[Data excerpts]
··········
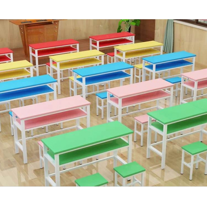 客户需求:每套课桌带两个方凳,按红色、蓝色评审
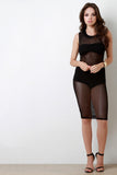 This daring dress features a fishnet mesh fabrication, sleeveless fit, wide armhole opening, and round neckline. Finished with a midi-length hemline and rear zipper fastener. Accessories sold separately. Made in U.S.A. 100% Polyester.
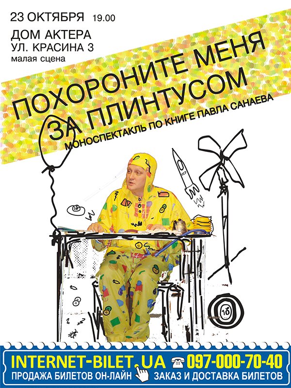"Похороните меня за плинтусом" відбудеться 23 жовтня 2013, 19:00, середа в Будинок Актора. За допомогою сервісу internet-bilet.ua, Ви зможете з легкістю забронювати, замовити та купити квитки на концерт, спектакль, оперу, балет, майстер-класи, спортивні та дитячі заходи, що Вас цікавлять, оплативши їх найбільш зручним для Вас способом: через інтернет банківською карткою VISA/MasterCard, готівкою або кур'єром, якщо зробите замовлення квитка з доставкою.
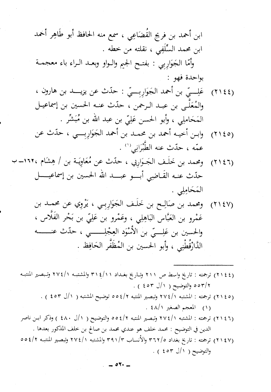 2147 - وَمُحَمّد بن صَالح بن خلف الجواربي يروي عَن مُحَمَّد بن عَمْرو بن الْعَبَّاس الْبَاهِلِيّ وَعَمْرو بن عَليّ بن بَحر الفلاس وَالْحُسَيْن بن عَليّ بن الْأسود الْعجلِيّ حدث عَنهُ الدَّارَقُطْنِيّ وَأَبُو الْحُسَيْن بن المظفر الْحَافِظ
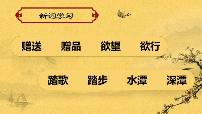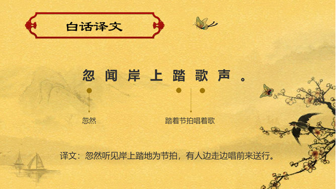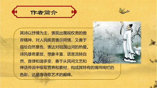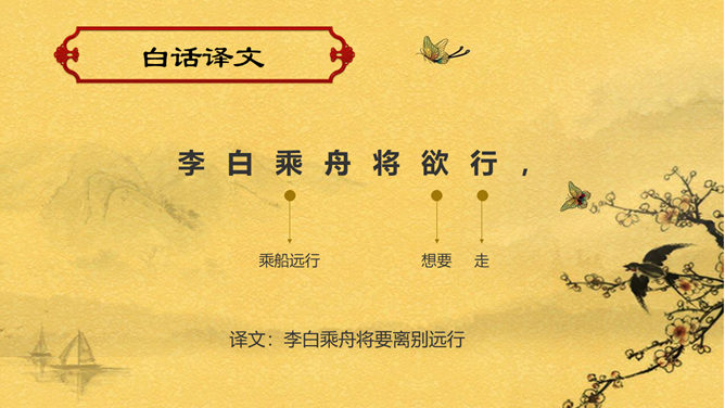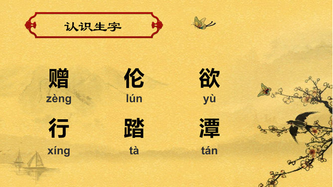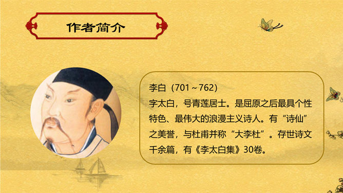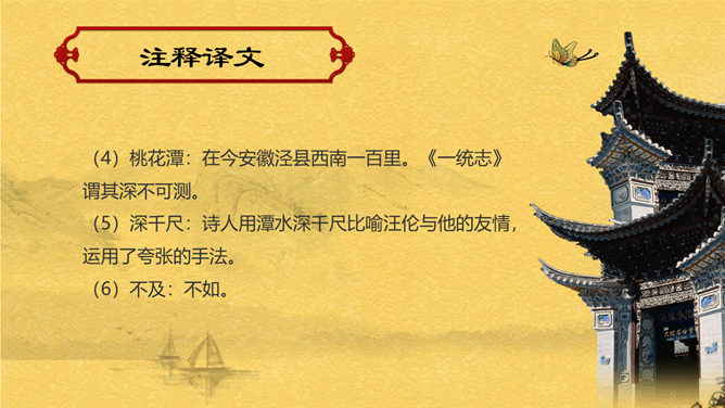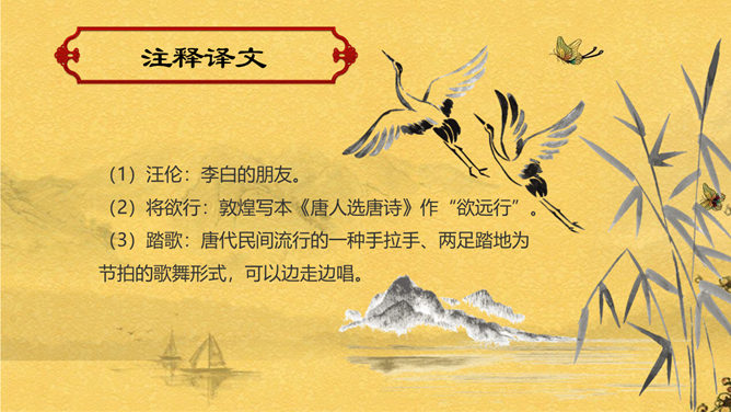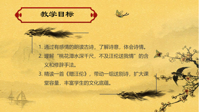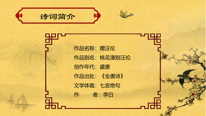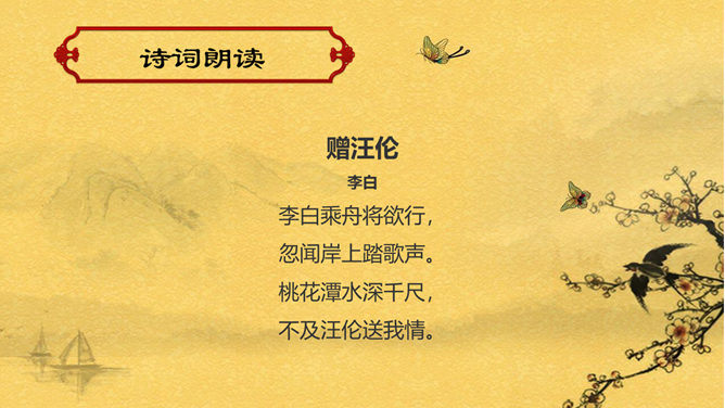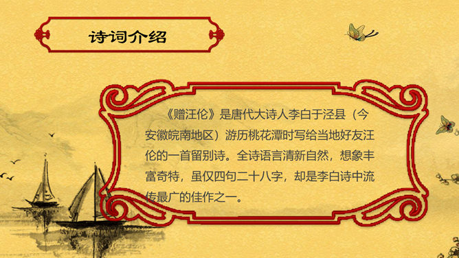 赠汪伦PPT课件。教学目标:通过有感情的朗读古诗,了解诗意,体会诗情。理解“桃花潭水深千尺,不及汪伦送我情”的含义和修辞手法。精读一首《赠汪伦》,带动一组送别诗,扩大课堂容量,丰富学生的文化底蕴。《赠汪伦》是唐代大诗人李白于泾县(今安徽皖南地区)游历桃花潭时写给当地好友汪伦的一首留别诗。全诗语言清新自然,想象丰富奇特,虽仅四句二十八字,却是李白诗中流传最广的佳作之一。
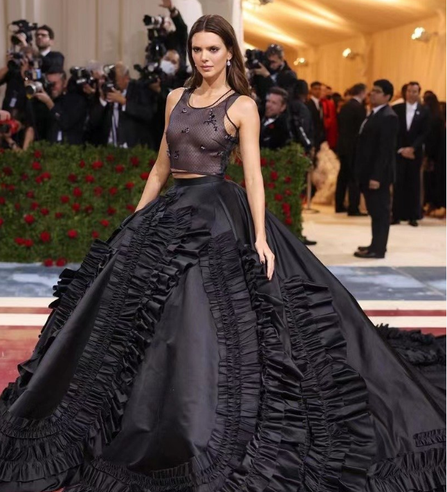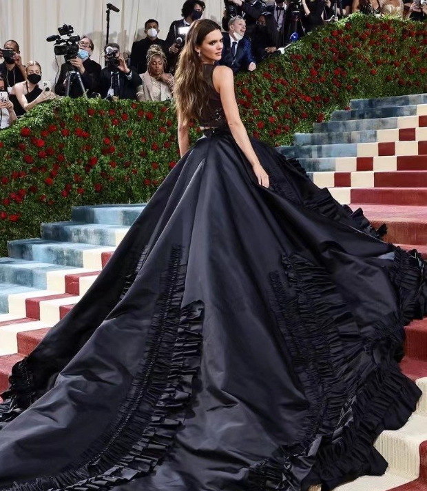 她一袭 PARDA 黑色长裙亮相Met Gala 2022 红毯,肯豆还将眉毛漂白,冷艳公主气质已上线。她的礼服虽然颜色低调,但是上面极其简约性感,下摆相当豪华,整体的设计感和视觉冲击不差。
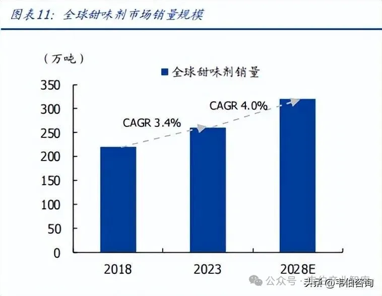 全球甜味剂从2018年的220万吨增至2023年的260万吨,年复合增速3.4%,预计2028年达到320万吨,年复合增速为4.0%,其中由于人工甜味剂是高倍甜味剂,以甜度贡献计,2023年人工甜味剂在全球甜味剂中的占比超80%。
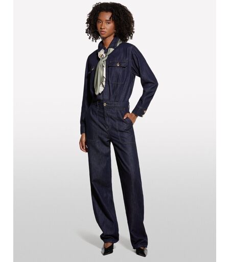 Tuta in denim di misto cotone e lyocell, lavaggio rinse con cuciture color tabacco. Camicia con colletto, chiusura nascosta con bottoni a pressione, maniche lunghe con spalla morbida e due tasche a toppa chiuse da bottoni gold; pantaloni con passanti in vita, chiusura a zip e bottone, due tasche all'americana davanti e due tasche a toppa dietro. ...
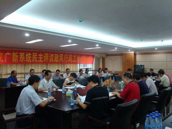 為扎實(shí)有效地開展民主評議政風(fēng)行風(fēng)工作,7月26日上午,市文廣新局召開民主評議政風(fēng)行風(fēng)工作動員會,全面部署動員做好這項(xiàng)工作。局機(jī)關(guān)全體人員和屬下單位正副負(fù)責(zé)人參加了會議。 會上, 紀(jì)檢組長張雪惠宣讀了《開平市文廣新局民主評議政風(fēng)行風(fēng)工作方案》,向與會同志明確了開展民主評議政風(fēng)行風(fēng)工作的指導(dǎo)思想、評議對象、評議內(nèi)容、評議重點(diǎn)和實(shí)施步驟。 局長譚偉強(qiáng)在會上強(qiáng)調(diào)指出,開展民主評議政風(fēng)行風(fēng)工作,有利于促進(jìn)全局各項(xiàng)工作,各股室和屬下單位要結(jié)合自身的職能和特點(diǎn),開展好此項(xiàng)工作。對于如何做好民主評議政風(fēng)行風(fēng)工作,譚偉強(qiáng)局長指出了三點(diǎn)要求:一是提高認(rèn)識,統(tǒng)一思想,明確民主評議政風(fēng)行風(fēng)的目的;二是突出重點(diǎn),精心組織,全面開展民主評議政風(fēng)行風(fēng)工作;三是加強(qiáng)領(lǐng)導(dǎo),狠抓落實(shí),確保民主評議政風(fēng)行風(fēng)工作按時(shí)按步驟圓滿完成。 動員會現(xiàn)場
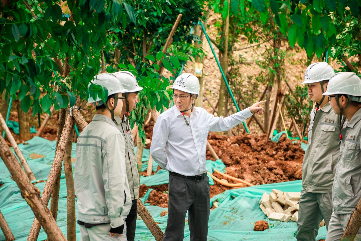 除了種植困難,天氣原因也給項(xiàng)目進(jìn)度造成了阻礙。7、8月份為昆明雨季,而遇到雨天,修復(fù)進(jìn)程只能停滯,為了保工期團(tuán)隊(duì)只能在晚上雨停之后加班工作。由于前期在分臺(tái)過程中產(chǎn)生的泥土及碎石在下雨天滑落系數(shù)增大,造成項(xiàng)目施工進(jìn)度延緩及安全風(fēng)險(xiǎn)增加。在這種情況下,團(tuán)隊(duì)“以咬定青山不放松”的態(tài)度,堅(jiān)持復(fù)綠工作不動(dòng)搖,通宵搶工期、常駐工地已經(jīng)成為團(tuán)隊(duì)工作人員的日常。
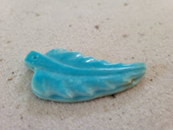 Mooie geslepen blauwe aragoniet hanger in bladvorm 7x30mm , excl veter iWil je een hangoog eraan , vraag het mij :) De veter van 1mm kan je ook los bestellen via de webshop.
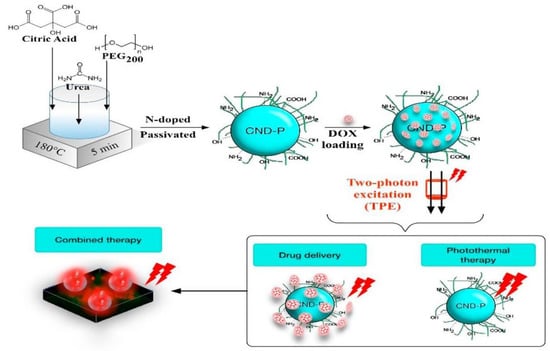 Schematic diagram of the synthesis procedure of biocompatible PEG-passivated carbon dots with a quantum yield of 53% for multifunctional on-demand drug release and combined chemo-photothermal therapy via two-photon excitation. (Reproduced with permission from ref. [22]. Copyright 2017 Elsevier B.V., Amsterdam, Netherlands).
··········
Task directions ->
Transcribe the lines above exactly, beginning at the one with "2147 - وَمُحَمّد" and ending at the one with "Tuta in denim". Include both; exclude the pictures.

Task output ->
 2147 - وَمُحَمّد بن صَالح بن خلف الجواربي يروي عَن مُحَمَّد بن عَمْرو بن الْعَبَّاس الْبَاهِلِيّ وَعَمْرو بن عَليّ بن بَحر الفلاس وَالْحُسَيْن بن عَليّ بن الْأسود الْعجلِيّ حدث عَنهُ الدَّارَقُطْنِيّ وَأَبُو الْحُسَيْن بن المظفر الْحَافِظ
 赠汪伦PPT课件。教学目标:通过有感情的朗读古诗,了解诗意,体会诗情。理解“桃花潭水深千尺,不及汪伦送我情”的含义和修辞手法。精读一首《赠汪伦》,带动一组送别诗,扩大课堂容量,丰富学生的文化底蕴。《赠汪伦》是唐代大诗人李白于泾县(今安徽皖南地区)游历桃花潭时写给当地好友汪伦的一首留别诗。全诗语言清新自然,想象丰富奇特,虽仅四句二十八字,却是李白诗中流传最广的佳作之一。
 她一袭 PARDA 黑色长裙亮相Met Gala 2022 红毯,肯豆还将眉毛漂白,冷艳公主气质已上线。她的礼服虽然颜色低调,但是上面极其简约性感,下摆相当豪华,整体的设计感和视觉冲击不差。
 全球甜味剂从2018年的220万吨增至2023年的260万吨,年复合增速3.4%,预计2028年达到320万吨,年复合增速为4.0%,其中由于人工甜味剂是高倍甜味剂,以甜度贡献计,2023年人工甜味剂在全球甜味剂中的占比超80%。
 Tuta in denim di misto cotone e lyocell, lavaggio rinse con cuciture color tabacco. Camicia con colletto, chiusura nascosta con bottoni a pressione, maniche lunghe con spalla morbida e due tasche a toppa chiuse da bottoni gold; pantaloni con passanti in vita, chiusura a zip e bottone, due tasche all'americana davanti e due tasche a toppa dietro. ...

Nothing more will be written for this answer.